Ford tough: Former U.S. Army nurse Marta Ford reflects on years of service
Marta Ford feels she is busier these days than she was when she was an active duty member of the Army Nurse Corps in the ’60s. She recently became the first female commander in Newton American Legion Post 111 history, served on the Freedom Flight Committee and is the chair of the Jasper County Commission of Veterans Affairs.
Marta, whose father was a World War II veteran, was an active duty nurse from 1966 to 1969 and also spent nearly three decades as a member of the Army Reserves, where she retired as a lieutenant colonel.
“We were doing our psych affiliation up in Independence, Iowa, and we were playing hearts,” Marta said. “If you lost, you had to sit on the floor. There was a brochure laying there about the Army Nurse Corps, and I picked it up, and I read it and decided, ‘I think that’s what I want to do.’”
Marta was 19 and still in nursing school at the time, so she needed her parents’ signature to sign up.
“My dad wasn’t real thrilled,” Marta said. “During World War II, he was a bombardier in Europe and flew missions over there. When I was born, in fact, they had just come back from a bombing run on Munich, Germany. His buddy came running out to the airfield with a telegram that said I had been born. Dad said he knew that it was a girl and that I would never have to serve in the military.”
Marta, of course, would go on to prove her father’s proclamation wrong.
“So he wasn’t real gung ho about it, but my mother convinced him,” she said.
Although she is a Vietnam-era veteran, Marta said she had never heard about the war before joining the service.
“As I recall, the recruiter, who was a major and a nurse and the recruiter for the state of Iowa, never mentioned it,” Ford said. “I didn’t hear the word ‘Vietnam’ until I went to basic training in early 1966. Then they were asking for volunteers.
“A lot of nurses volunteered,” she continued. “That was the one thing my dad had told me before I went in: ‘Don’t volunteer for anything.’ So, I didn’t volunteer.”
Marta went to Fort Sam Houston in San Antonio, Texas, for basic training for eight weeks.
“Basic training consisted of nurses and doctors, and the doctors had all been drafted. They were not happy campers at all,” Marta said jokingly. “They acted horrible, that’s what I can remember a lot about. (Basic) consisted of orientating you to the military, a lot of classes — which we paid no attention to at all — and marching.”

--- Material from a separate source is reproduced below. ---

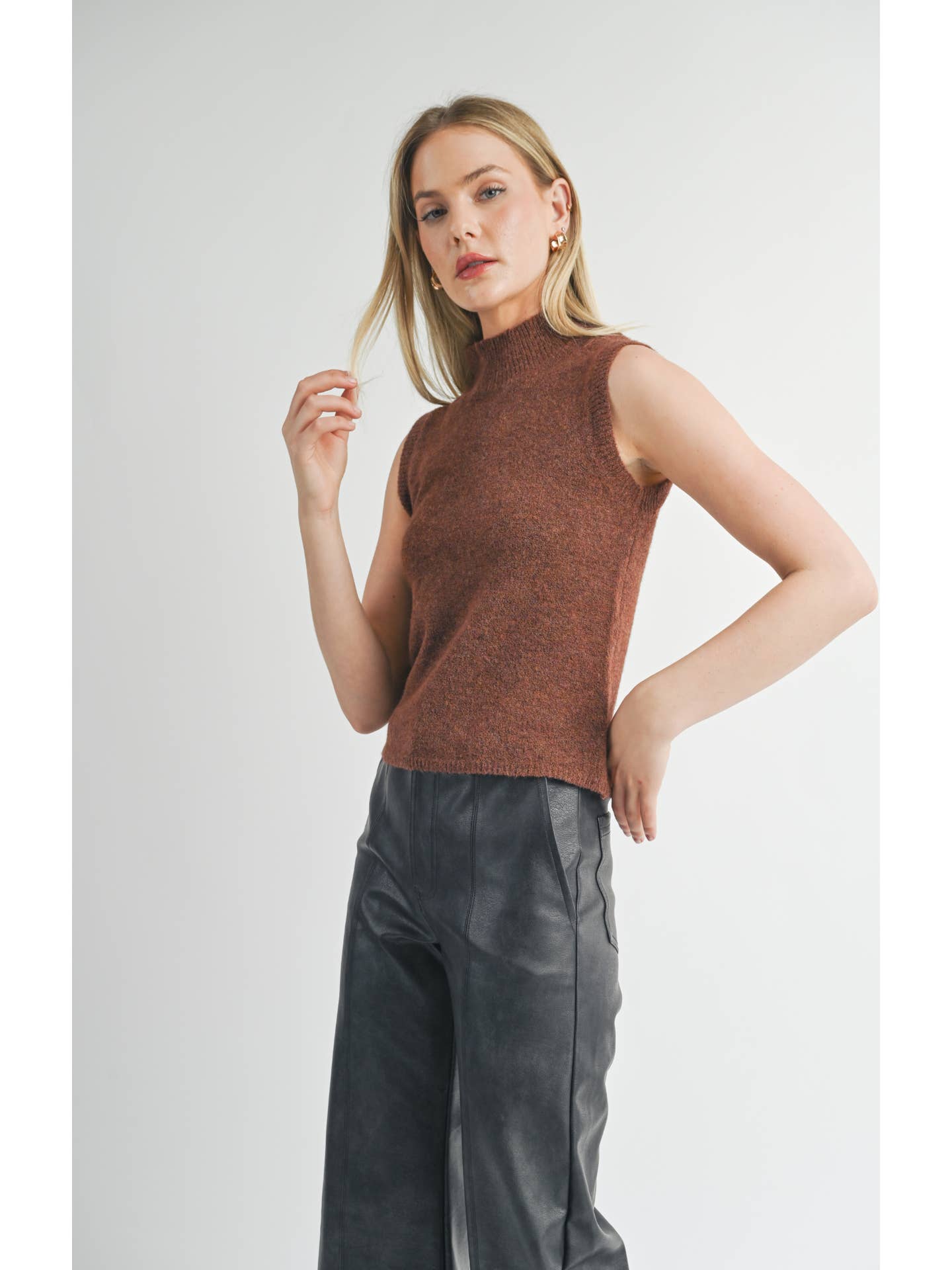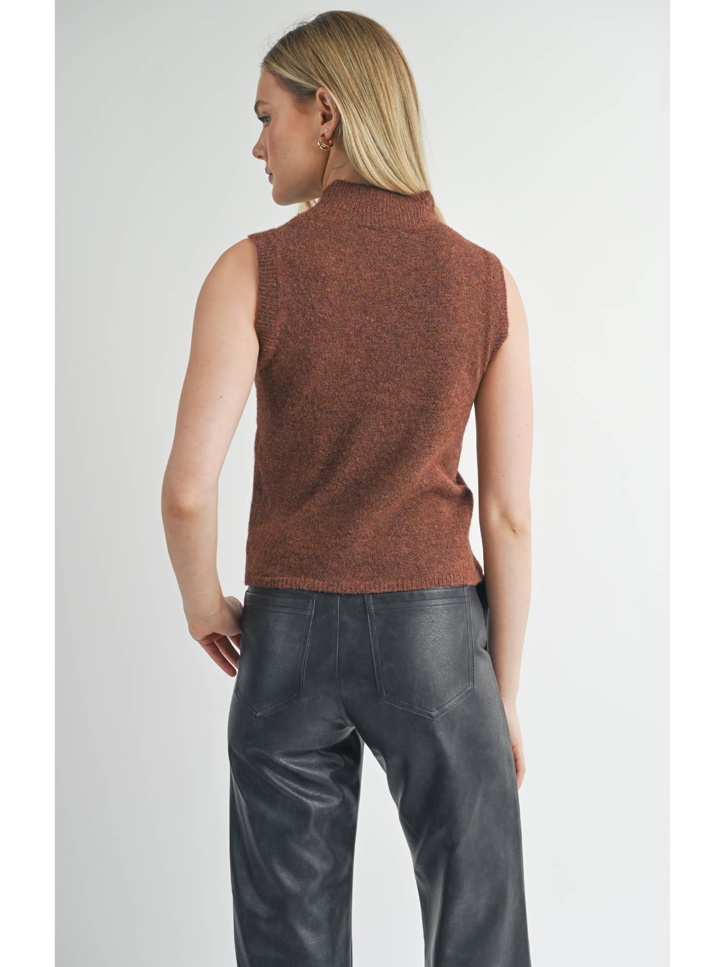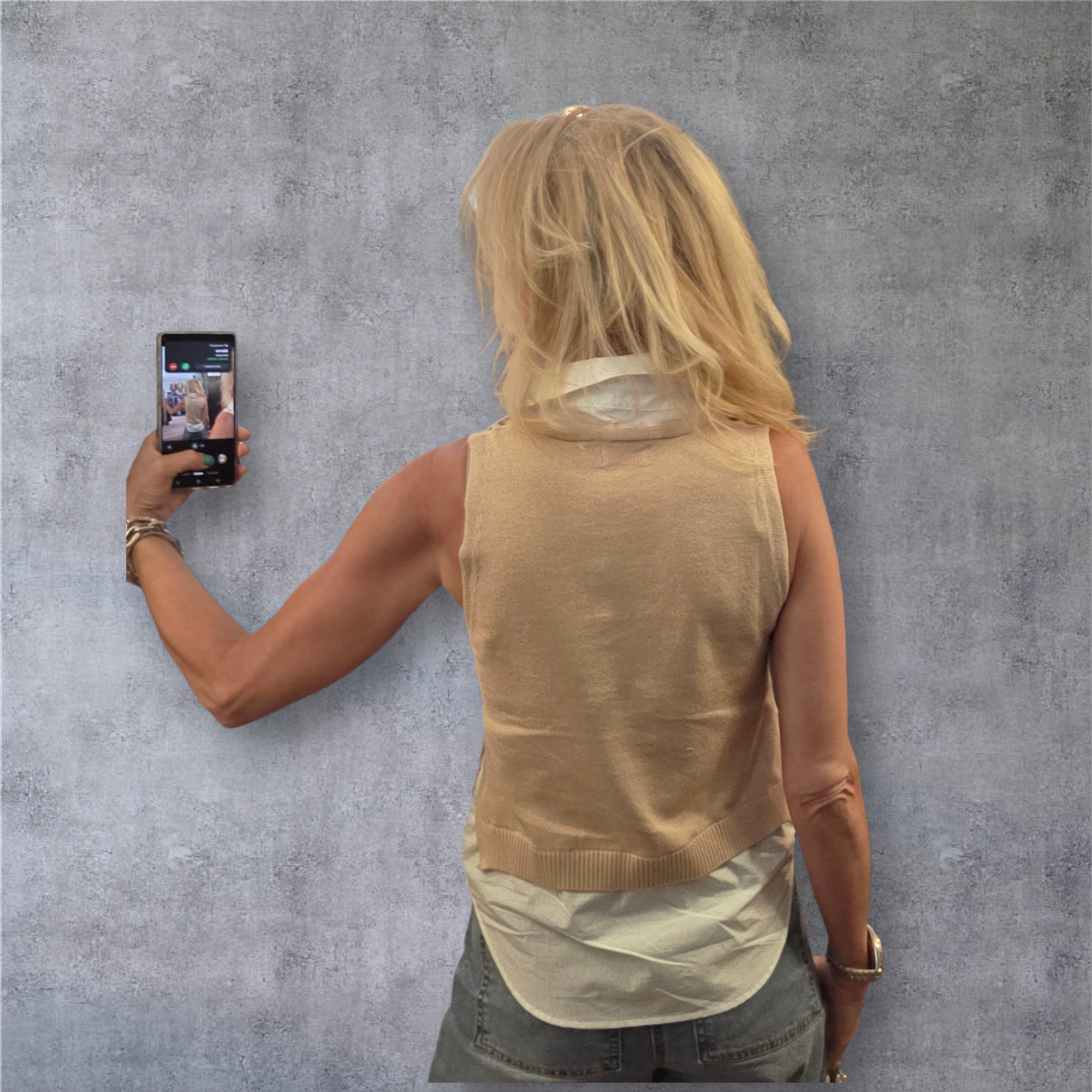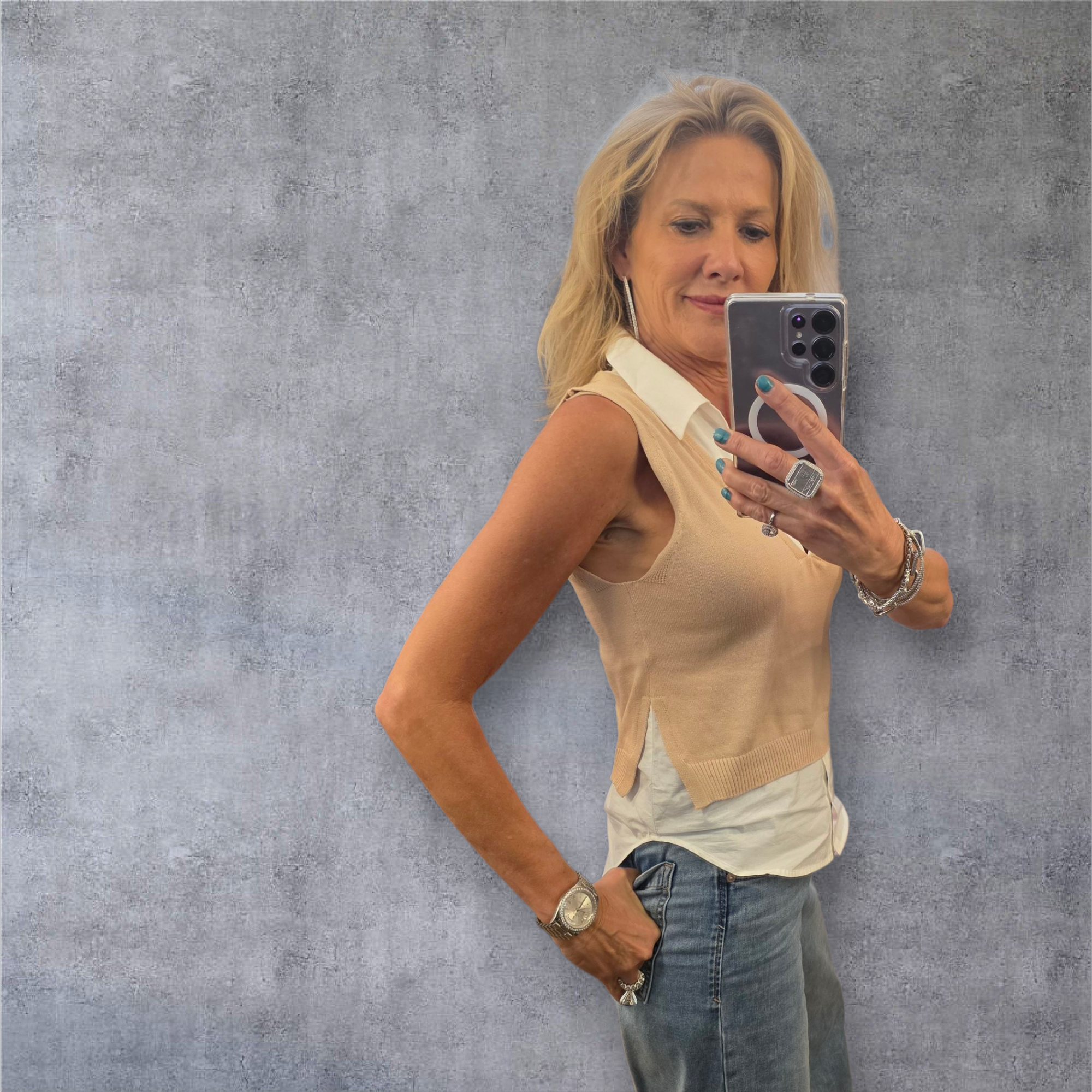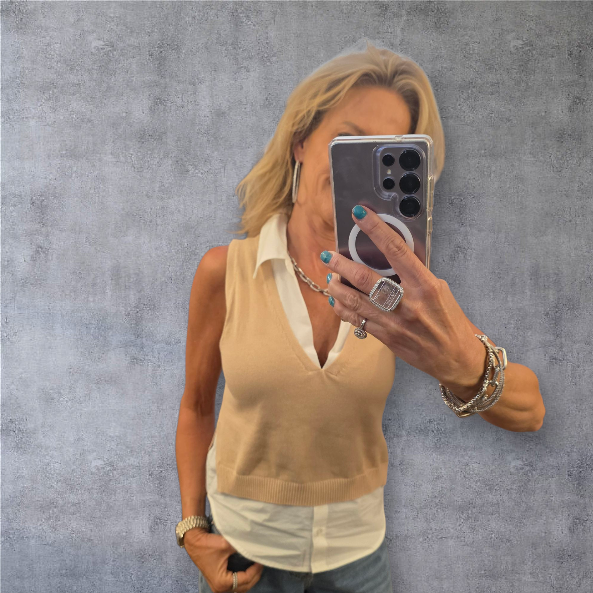 TAN/WHITE V-NECK SLVLESS SWEATER

With most of the people attending basic with her being in the medical profession, Marta said other soldiers laughed at them for kicks.
“That’s how everybody at Fort Sam got their entertainment every day. They would stand out on the balconies and watch all these doctors and nurses drill in ceremony,” Marta said. “We didn’t have a clue what we were doing. Not a clue. It was horrible.”

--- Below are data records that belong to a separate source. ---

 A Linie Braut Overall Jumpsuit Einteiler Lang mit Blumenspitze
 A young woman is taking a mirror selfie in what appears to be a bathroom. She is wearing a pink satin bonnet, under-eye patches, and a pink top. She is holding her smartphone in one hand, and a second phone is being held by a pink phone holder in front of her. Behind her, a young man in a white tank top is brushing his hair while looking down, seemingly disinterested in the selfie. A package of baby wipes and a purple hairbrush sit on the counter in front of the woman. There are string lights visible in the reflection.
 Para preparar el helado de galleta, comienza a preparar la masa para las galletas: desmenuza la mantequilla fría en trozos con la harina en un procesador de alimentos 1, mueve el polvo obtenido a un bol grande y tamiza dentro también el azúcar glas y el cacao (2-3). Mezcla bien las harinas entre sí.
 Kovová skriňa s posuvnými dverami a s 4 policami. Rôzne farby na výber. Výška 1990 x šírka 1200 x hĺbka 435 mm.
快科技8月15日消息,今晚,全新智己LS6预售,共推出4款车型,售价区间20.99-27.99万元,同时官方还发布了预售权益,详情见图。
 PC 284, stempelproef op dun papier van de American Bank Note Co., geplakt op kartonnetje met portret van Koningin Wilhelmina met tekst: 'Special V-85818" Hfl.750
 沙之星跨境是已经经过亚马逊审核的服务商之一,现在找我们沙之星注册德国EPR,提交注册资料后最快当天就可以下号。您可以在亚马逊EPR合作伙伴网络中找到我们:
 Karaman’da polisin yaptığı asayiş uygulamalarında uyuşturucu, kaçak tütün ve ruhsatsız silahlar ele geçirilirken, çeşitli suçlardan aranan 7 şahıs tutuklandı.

After her training was complete, Marta was stationed in Fort Lee, Va., which was her second choice.
“I had never been out of the state of Iowa, except on vacation. Texas, Colorado, Chicago was all I could remember. But that was with my folks,” Marta said. “I grew up in Killduff. There were a 150 people in Killduff. I went to country school from kindergarten through eighth grade. There were four kids in my class. Going to Des Moines was a big deal, and going there to school was a bigger deal.”
Being on the East Coast allowed her to experience many different cultures, she said. This also exposed her to some of the significant cultural events happening at the time. Marta said she was in Washington, D.C., during the riots after Martin Luther King Jr. was assassinated. She met and treated many of the injured who were coming back from war and saw how segregated Virginia was at that time.

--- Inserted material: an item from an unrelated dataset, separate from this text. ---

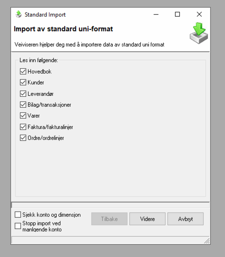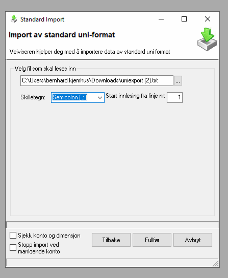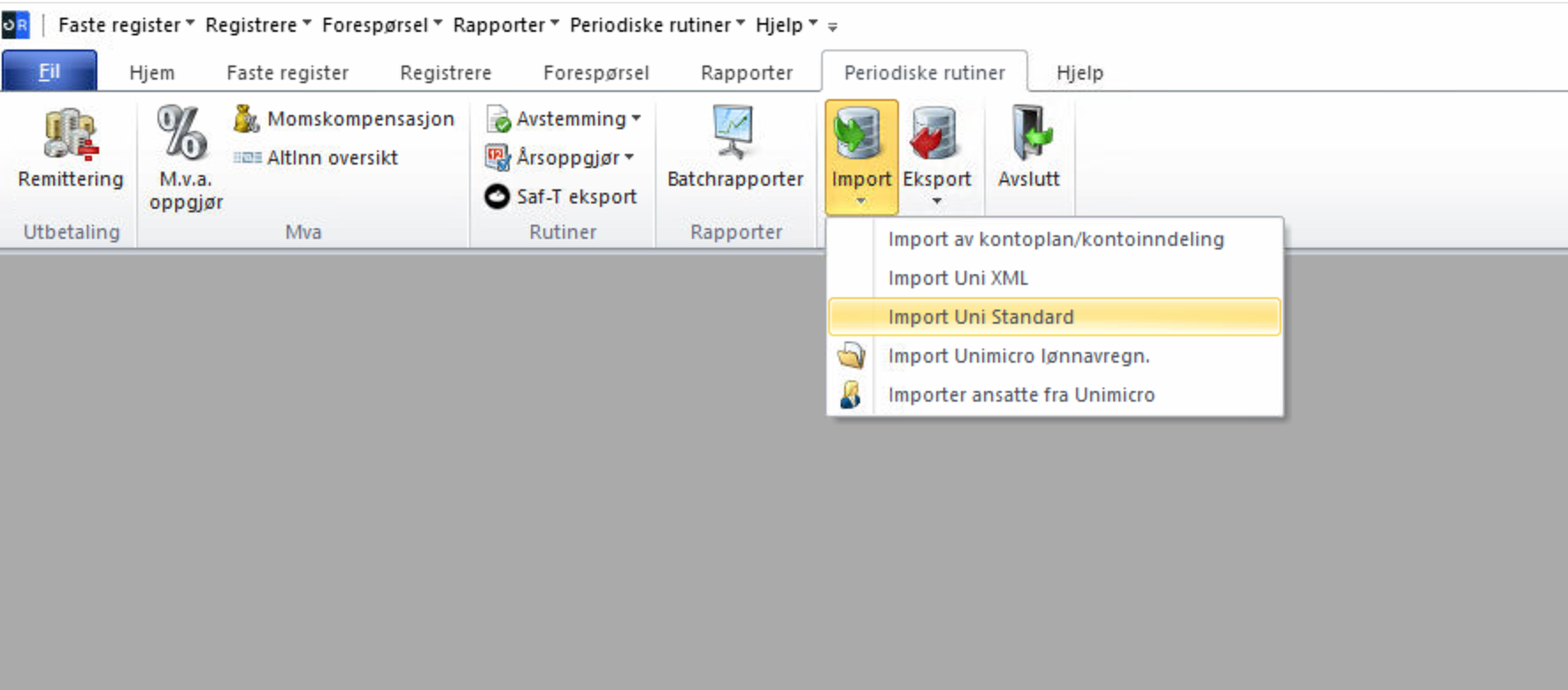 - Gå til Periodiske rutiner → Import → Import Uni Standard.
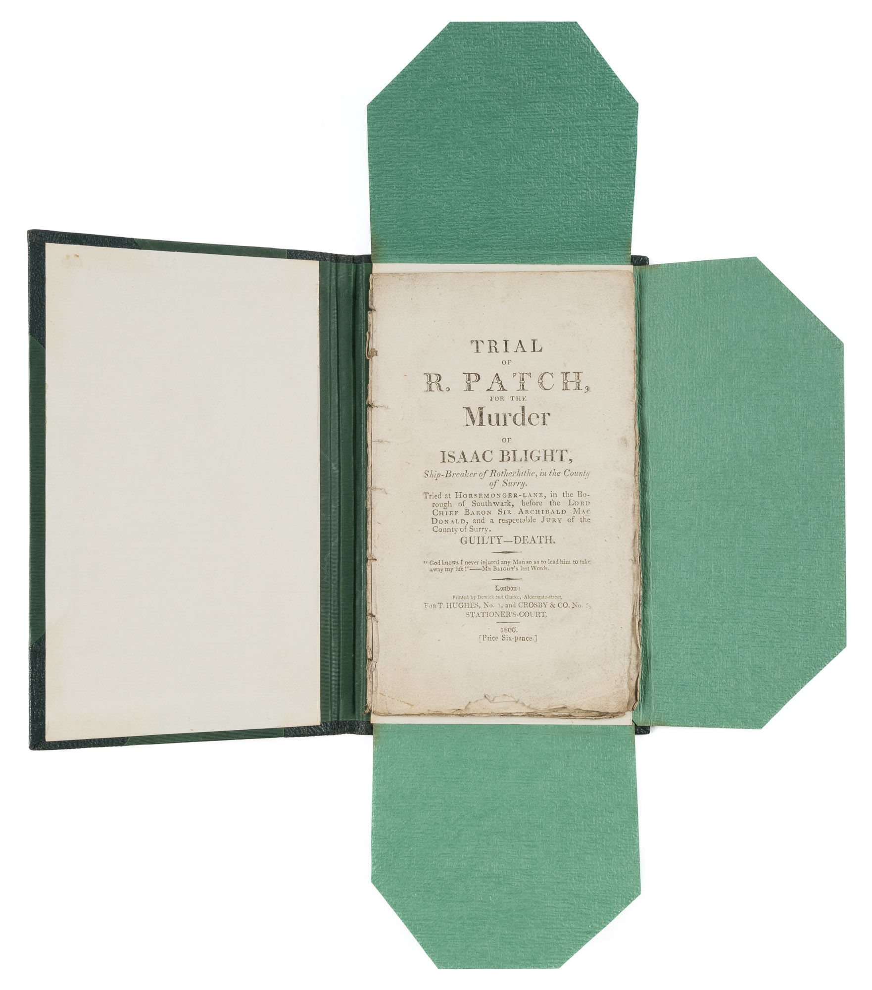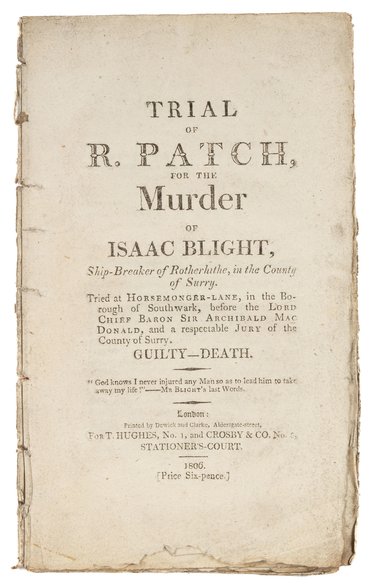 1806. Not a Soul We Believe Can Lament his Fate" [Trial]. Patch, Richard, Defendant [c.1770-1806]. Trial of R. Patch, For the Murder of Isaac Blight, Ship-Breaker of Rotherhithe, In the County of Surry. Tried at Horsemonger-Lane, In the Borough of Southwark, Before the Lord Chief Baron Sir Archibald Mac Donald, And a Respectable Jury of the County of Surry. Guilty-Death. London: Printed by Dewick and Clarke for T. Hughes and Crosby & Co., 1806. 34, [2] pp. With a final advertisement leaf. Octavo (7-1/4" x 4-1/2"). Disbound stab-stitched pamphlet, fore and bottom edges untrimmed. Light toning, occasional light soiling to edges. Housed in lightly rubbed 8" x 5" three-quarter morocco folder and plain slipcase. $350. * First edition. Patch, the eldest son of a smuggler, had been forced to mortgage his Exeter farm and subsequently fled to London in order to dodge his creditors. While there, he met Blight, a ship-breaker, who proposed that he become a partner in the business. Patch agreed, but lacked the money to pay for his share and killed Blight instead. Despite many attempts to conceal the crime, he was convicted on strong circumstantial evidence in 1806. A second edition of our account appeared later in 1806 with additional material and a frontispiece. It is unclear whether our first edition was issued with a frontispiece, though the copy at the Library of Congress has one. No records note the final advertisement leaf present in our copy. OCLC and Library Hub locate 3 copies of the first edition worldwide (Library of Congress, University of Leeds, Bishopsgate Institute).

Once her active service was up, she remained in the reserves until 1975. She then rejoined the reserves again in 1980, remaining a member until 2004.
During her time in the reserves, she served in multiple roles and received numerous awards. Her former commander, Arthur Bean, was thoroughly impressed with Marta’s help in combining the services of the Army hospitals in Des Moines and Cedar Rapids.
“(She) was instrumental in developing unit cohesion between the 830th Station Hospital and the 73rd Combat Support Hospital when they merged to form the 4224th United States Army Hospital,” he wrote. “(She) personally traveled numerous times to Cedar Rapids to maintain the morale of all soldiers during and since the transition.”
At that time she served as chief nurse and directly supervised 60 officers and 150 enlisted medics.
Marta credits family support for enabling her to serve her country for so many years and stresses its importance to military families.
“Both of my children are proud of my military service,” Marta said. “I just did my job. I didn’t think it was a big deal.”